Garlic Packs a Punch

What’s the first thing that comes to mind when you think of garlic? Warding off vampires? To-die-for pizza topping? Bad breath? This diminutive bulb holds a prominent place in our cultural and culinary imagination, and for centuries, people across the globe have regarded it with a similar fascination. This is undoubtedly because garlic packs a punch.

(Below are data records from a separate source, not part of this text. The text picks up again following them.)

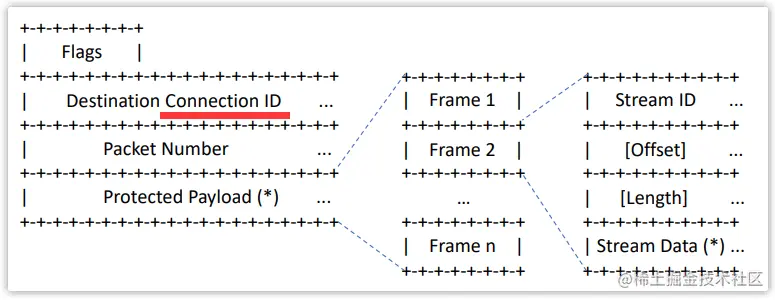 那此时怎么知道包 N 和包 N+1 是同一个包呢?QUIC 定义了一个 Offset 概念。发送的数据有个偏移量 Offset,可以通过 Offset 知道数据目前发送到了哪里,因而如果某个 Offset 的包没有收到确认,就重发。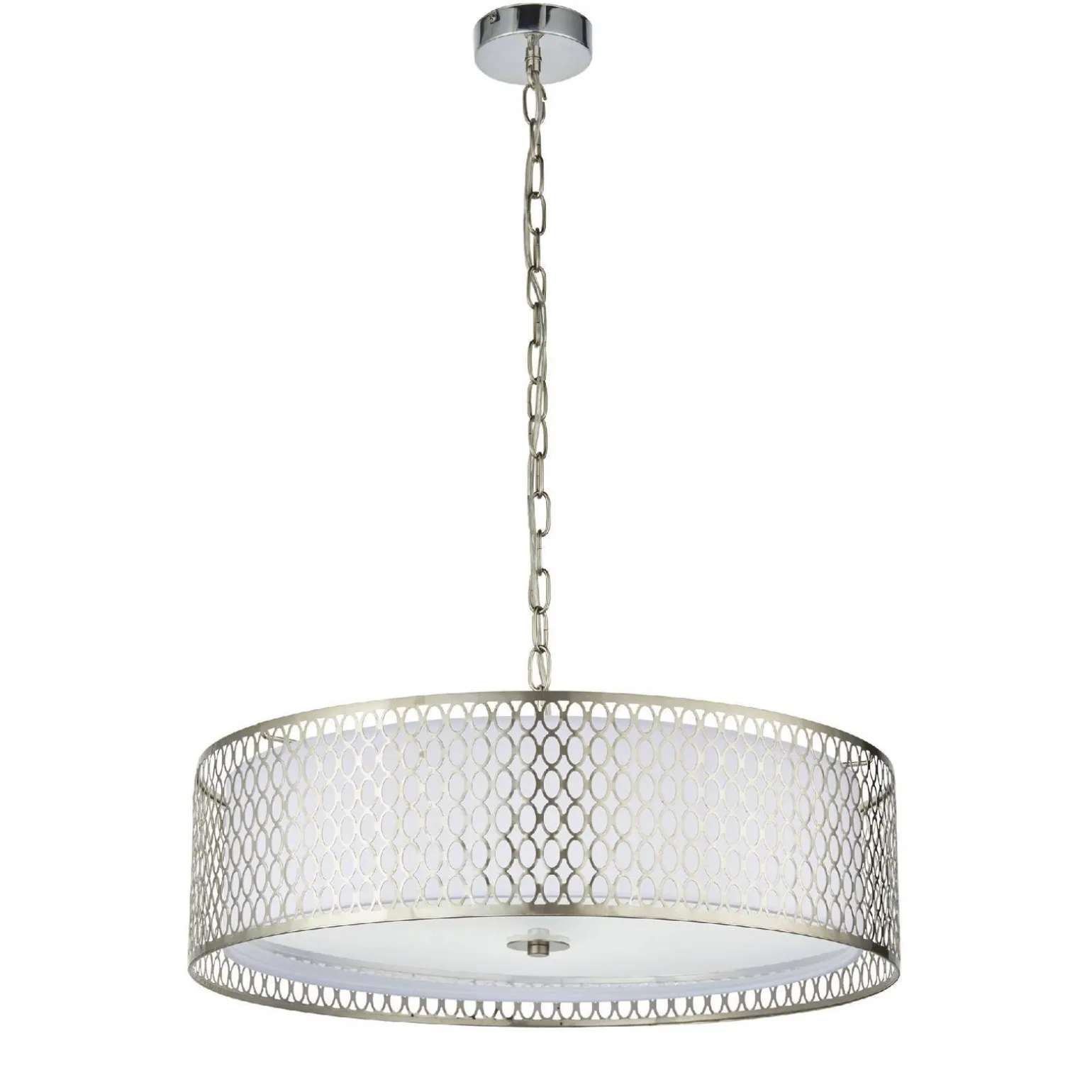 Lampa Wisząca Cordero (81969) od marki Endon to idealne połączenie elegancji i nowoczesności, które z powodzeniem wpisuje się w różnorodne aranżacje wnętrz. Jej niklowe wykończenie sprawia, że doskonale komponuje się zarówno w klasycznych, jak i bardziej współczesnych przestrzeniach. Dodatkowo, talerz wykonany z satynowego niklu w połączeniu z białą tkaniną i matowym szkłem, tworzy subtelny, a zarazem wyrafinowany design, który przyciąga wzrok i wprowadza do wnętrza przyjemny nastrój.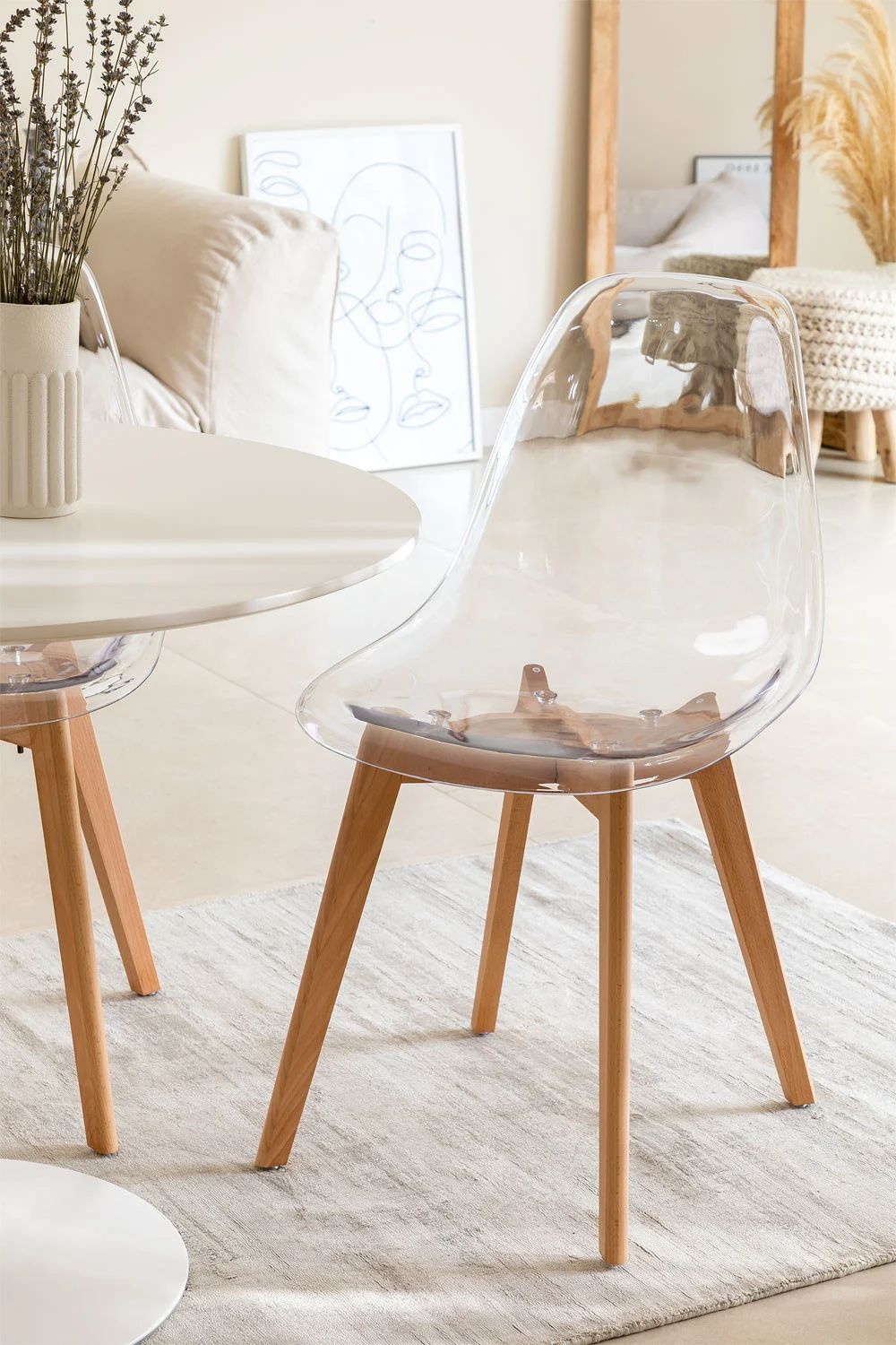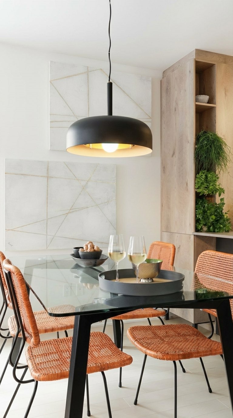 Non è una soluzione per tutti gli stili, ma in una stanza piccola un tavolo con le sedie trasparenti fa una differenza enorme rispetto a un set completamente opaco. L’occhio attraversa il mobile invece di fermarsi sopra, e lo spazio sembra meno affollato.
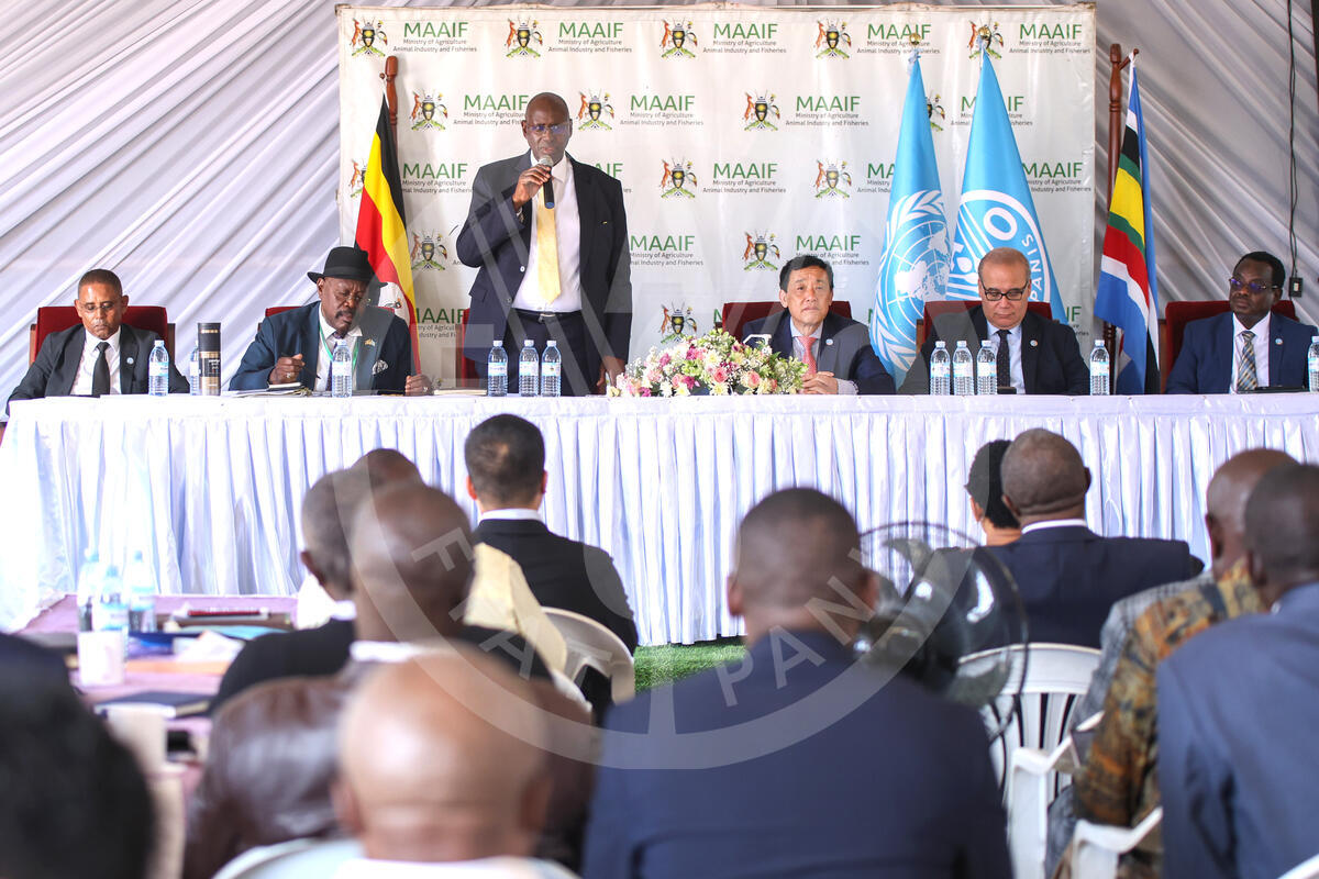 21 July 2025, Entebbe, Uganda, Hon. Bright Rwamirama, State Minister for Animal Industry, delivers his welcome remarks during a staff gathering at the Ministry of Agriculture, Animal Industry and Fisheries, organized in honour of FAO Director-General QU Dongyu’s (4th from left) official visit to Uganda.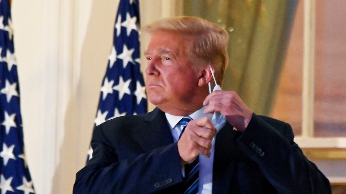 (Photo: President Donald Trump pulls off his protective face mask as he poses atop the Truman Balcony of the White House Credit: Erin Scott/File Photo/Reuters)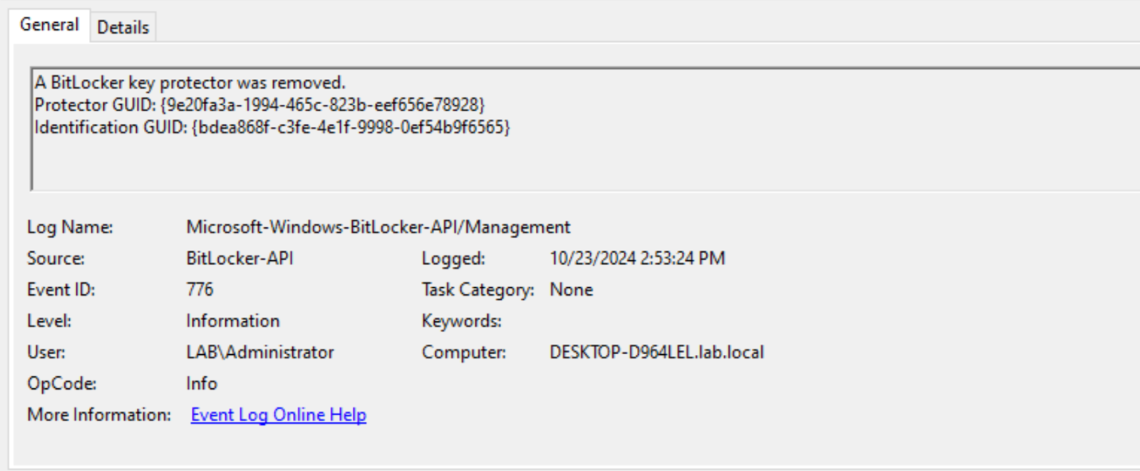 پایش رویدادهای منبع Microsoft-Windows-BitLocker-API/Management، به ویژه با شناسه 776 (رخداد ‌protectors removal) و شناسه 773(رخداد BitLocker suspension).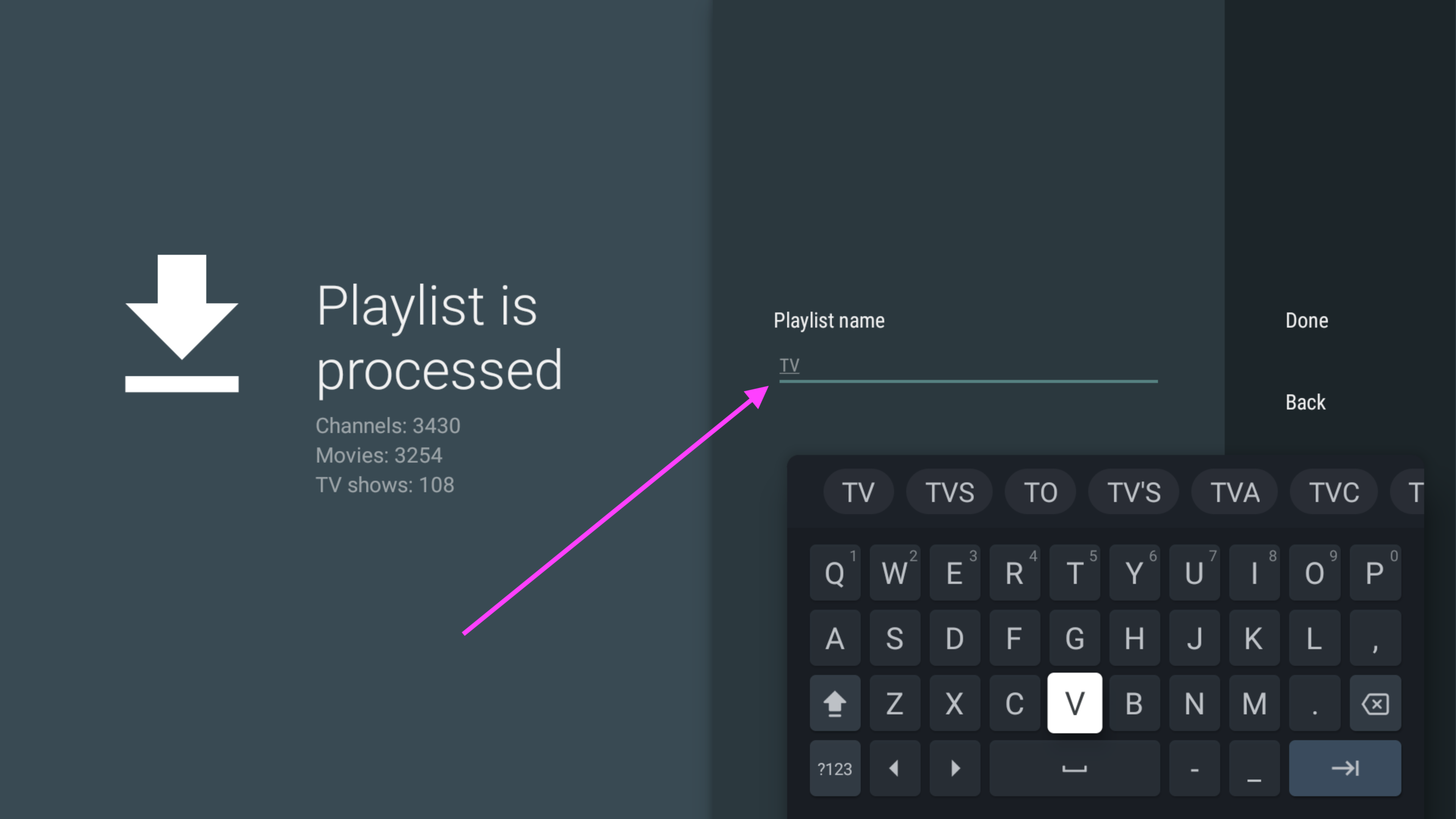 10. Acest pas, este optional. Dupã ce aplicatia a procesat continut-ul pachertului tv, aveti posibilitatea in a redenumi playlist-ul. Noi , in imaginea de mai jos l-am redenumit TV . Dupã redenumirea playlist-ului , apasati Done .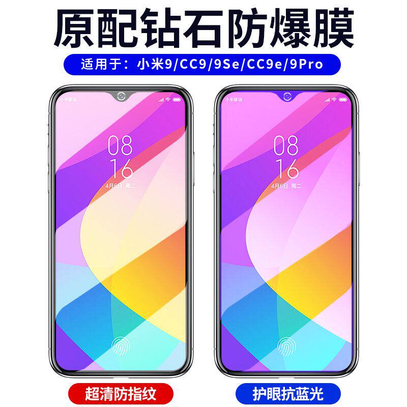Xiaomi 9 Tempered film CC9 Mobile Film 9se full screen covered 9Pro anti-fingerprint cc9e glass blue light mi HD anti-fall full-pack 9cc full-body screen protective film 5g meter 9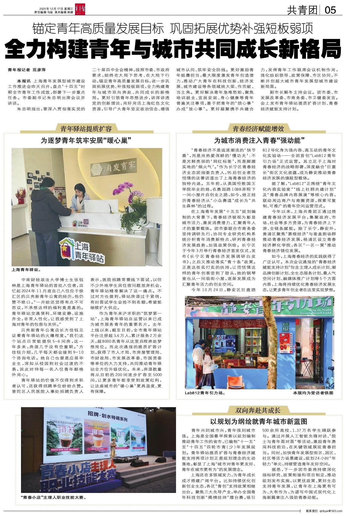 青年兴则城市兴,青年强则城市强。上海是全国最早探索以规划编制推动青年工作的省市,已编制“十一五”至“十四五”四轮市青(少)年发展规划。青年驿站提质扩容与青春经济赋能支持两项计划正是规划理念的生动落地,彰显了上海“城市对青年更友好、青年在城市更有为”的发展理念。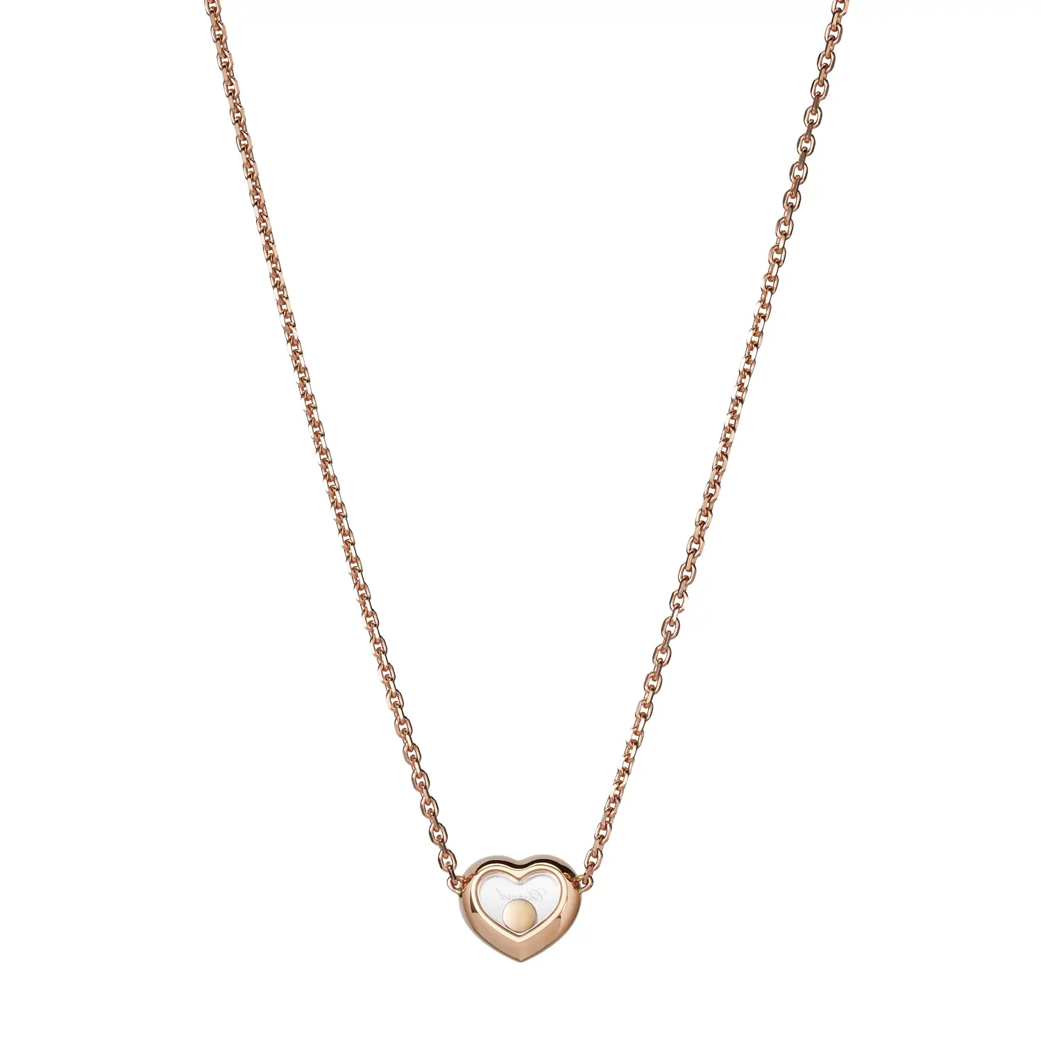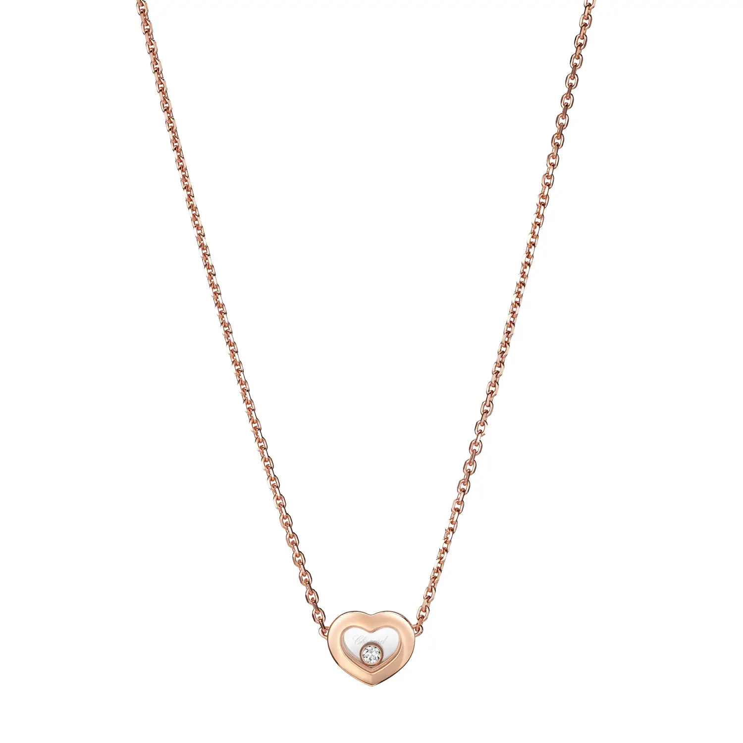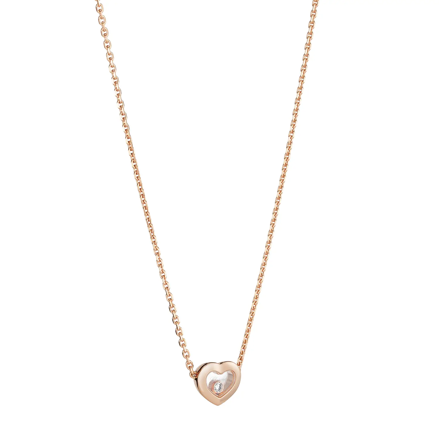 The Chopard Happy Diamonds Icons 81A054-5001 necklace embodies lightness, brilliance, and movement — the defining values of the Happy Diamonds collection. Crafted from ethical 18-carat rose gold, it features a freely moving 0.05 ct diamond enclosed between two sapphire crystals, creating a graceful dance of light with every motion.

We’re all familiar with garlic’s strong flavor and pungent odor, but some might be surprised to learn that it also has powerful antifungal and antimicrobial properties--so powerful, in fact, that it was relied on as an antiseptic by the Russian army during World War I. It also provides an array of medical benefits, including reducing high blood pressure, boosting the immune system, reducing blood sugar levels, and aiding in the absorption of thiamine (Vitamin B1). Garlic’s strong smell also deters pests (garden pest insects, mosquitoes, and small mammals) in the garden. Finally, garlic is a staple flavor agent in cuisine in South America, the Mediterranean, North Africa, India, and Southeast Asia. Perhaps all these attributes help explain why in folklore from the Philippines to Ancient Greece to Central Europe, garlic has been said to ward off monsters, evil spirits, and vampires, respectively.

Happily for Central Texas gardeners, this impressive crop is easy to grow in our region. Plant garlic in the fall, between mid-September and late November. Garlic grows most successfully in full sun, though it will also grow in partial shade, and it prefers soil with good drainage and a high content of organic material (that means compost!). To plant garlic from cloves, separate the cloves from a head of garlic, leaving the papery covering on each clove. Plant cloves 4 to 6 inches apart and about 1 inch deep, with the pointier side facing up, as this is the side that will sprout. Water and cover with an additional 1 inch layer of compost. As with any crop, keep garlic well-mulched and maintain an even level of moisture in the soil as it grows. Garlic will fare fine during mild freezing weather but cover with row cloth during hard freezes. Some varieties of garlic will produce a scape, which is a hollow, round flower stalk. Harvest these and eat them like green onions–they’re delicious! Removing them also encourages the plant to put more energy into its root, which results in fatter heads of garlic for you to harvest later. If planted at the right time of year in healthy soil, garlic is not susceptible to many pests or diseases, and in fact can ward off certain insect pests.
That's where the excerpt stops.